All Music, No Gimmicks: Ray Alder Talks Fates Warning's 'Long Day Good Night'

Fates Warning released their new album, Long Day Good Night, on Friday, November 6th via Metal Blade. It is the longest album they've ever created, at over one hour and 15 minutes of play time, and it's also by far their most varied, bringing in elements that range from Rock to Metal to Electronic. It was an album that evolved during the process of writing and one which they chose not to retrospectively trim, curb, or redirect.

Now, in the absence of live performance experiences for most of us, an album like Long Day Good Night is particularly welcome. Not only is it long-playing, but it will remind you of why you follow Fates Warning. They always put in the extra effort in writing their music, and this record is a particularly strong example of that, having spent a year on the writing alone.

But if you're wondering what a personal toll it takes to get an album like this recorded, you really need to hear from Fates Warning vocalist Ray Alder himself as he tells his "fireside story" in our interview with him below from his home in Madrid, Spain.

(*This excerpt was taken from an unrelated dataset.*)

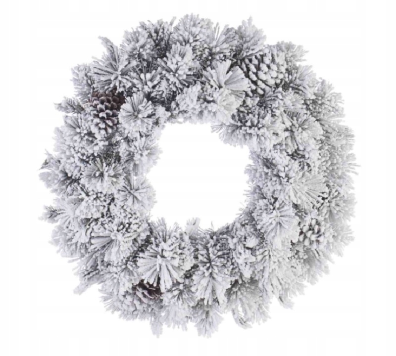 Wprowadź do swojego wnętrza ciepło zimowych dni i naturalny urok lasu dzięki oszronionemu wiankowi świątecznemu z szyszkami sosnowymi marki Bizzotto.
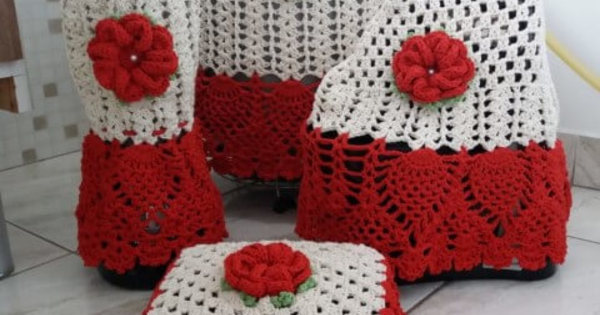 Jogo De Banheiro De Croche Coruja Flores Vermelho E Mais

Hannah Means-Shannon: Do you have any overlap with shopping at Tower Records or doing any in-store events.

Ray Alder: Of course, I used to love Tower Records. I used to go to the one on Sunset, and one time I walked around the corner, and Pat Benatar was sitting there, signing albums. Sadly, there was no one there. I think I just kept walking, and got what I needed to get.

HMS: Is that because of the embarrassment of being the only person who walks up? There’s a certain awkwardness in that.

RA: Yes, it was a little Spinal Tap-y.

HMS: [Laughs]

When you were shopping at Tower, what were you usually looking for? Was it mainly Metal, or were you shopping for all kinds of stuff?

RA: It’s funny, but I don’t really listen to that much Metal music. It’s not embarrassing, but it’s probably strange to people. I listened to Metal a lot growing up, but my tastes changed. I got into this whole female Folk thing for a period of time with K.D. Lang, and Maria McKee, Edie Brickell & New Bohemians. I was into this whole female singing thing.

HMS: That is so awesome, though!

RA: It was very calming. Sarah McLaughlin was the queen god to me for a while. Anyway, when I was a kid I would go to record stores, and I would buy an album just based on how they looked. If an album looked cool, I’d pick it up. Oddly enough, one was Armored Saint, and that’s our bass player [Joey Vera] now. I bought the EP when I lived in Texas, just because of the album cover. I turned it over, and thought, “They look Heavy Metal! I’m buying this!” That’s a true story and I never thought I’d be playing with Joey Vera. It’s the craziest thing. The first time I met him, I was just in awe. He was the biggest Rock star in the world to me.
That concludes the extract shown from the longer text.